Next-Generation PSMA PET Agent Doubles Detection Rates in Early Prostate Cancer Recurrence

Key Takeaways:

• A novel PET tracer, 64Cu-SAR-bisPSMA, detected more than twice as many recurrences as standard 68Ga-PSMA-11 in men with low PSA relapse.
• Improved imaging translated into treatment changes in 44% of patients, underscoring clinical impact.
• The agent demonstrated higher true-positive rates and substantially fewer false negatives, particularly at low PSA levels.

A prospective phase II imaging trial is shedding new light on how prostate cancer recurrence may soon be detected—and managed—more effectively. The Co-PSMA study, published in European Urology, directly compared a novel PET tracer, 64Cu-SAR-bisPSMA, with the current standard 68Ga-PSMA-11 in men experiencing biochemical recurrence following radical prostatectomy. The findings suggest a meaningful leap forward in diagnostic performance, particularly in patients with low but rising prostate-specific antigen (PSA) levels.

Biochemical recurrence remains a clinical challenge, especially when PSA levels are still low (0.2–0.75 ng/mL), a window in which salvage therapies are most effective but imaging sensitivity is often limited. PSMA-targeted PET imaging has already transformed this space, yet detection rates at very low PSA levels have remained suboptimal, typically ranging between 30% and 50%.

In this study of 50 men, investigators performed both imaging modalities within a three-week interval. The results were striking. On a per-patient basis, 78% of participants had positive findings on 24-hour 64Cu-SAR-bisPSMA PET/CT compared with just 36% on 68Ga-PSMA-11. The mean number of detected lesions per patient was also significantly higher—1.26 versus 0.48—representing a more than twofold increase.

The visual data presented on page 5 of the study illustrate this clearly, with the 64Cu-based tracer consistently identifying more lesions per patient than its gallium-based counterpart. This improved detection extended across disease sites, including local recurrence in the prostate bed, lymph nodes, and bone metastases.

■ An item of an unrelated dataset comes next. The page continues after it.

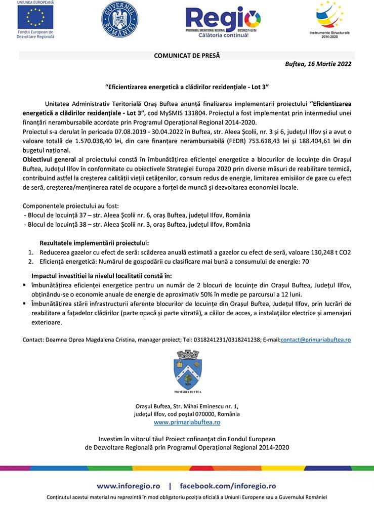 Unitatea Administrativ Teritorială Oraş Buftea anunță finalizarea implementarii proiectului “Eficientizarea energetică a clădirilor rezidențiale - Lot 3”, cod MySMIS 131804. Proiectul a fost implementat prin intermediul unei finanțări nerambursabile acordate prin Programul Operațional Regional 2014-2020.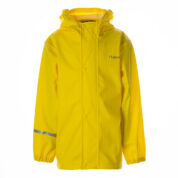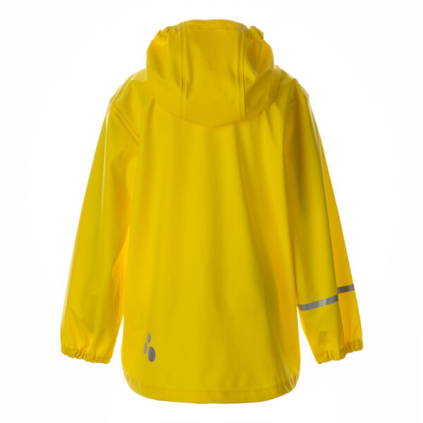 Children’s windproof rain jacket Integrated elastic band at sleeve ends and around hood Taped seams to keep the jacket dry Reflective elements on fabric

Importantly, the enhanced sensitivity translated into clinical decision-making. Management plans changed in 44% of patients after clinicians reviewed the 64Cu-SAR-bisPSMA scans. These changes included shifts from observation to active treatment, expansion of radiotherapy fields, and the addition of systemic therapies such as androgen deprivation.

The improved performance appears to stem from both the tracer’s molecular design and its physical properties. Unlike conventional PSMA ligands, 64Cu-SAR-bisPSMA is a bivalent compound, allowing stronger and more sustained binding to PSMA-expressing cells. Coupled with the longer half-life of copper-64 (approximately 12.7 hours), this enables delayed imaging at 24 hours, enhancing tumor-to-background contrast. Notably, reduced urinary activity improves visualization of the prostate fossa, a common site of early recurrence.

Accuracy metrics further support its clinical promise. Among evaluable patients, the reference standard true-positive rate was 71% for 64Cu-SAR-bisPSMA compared with 29% for 68Ga-PSMA-11, while false-negative rates were markedly lower (21% vs 65%).

Despite these encouraging findings, the study has limitations. It was conducted at a single center with a relatively small cohort, and the composite reference standard—rather than histopathologic confirmation—introduces some uncertainty. Additionally, the requirement for delayed imaging may pose logistical challenges for widespread adoption.

Still, the implications are significant. As the authors note, this is the first head-to-head comparison demonstrating superior imaging performance of a PSMA-targeted agent over current standards. If validated in larger, multicenter trials with long-term outcomes, 64Cu-SAR-bisPSMA could redefine imaging pathways in early prostate cancer recurrence—potentially enabling more precise, timely, and effective interventions.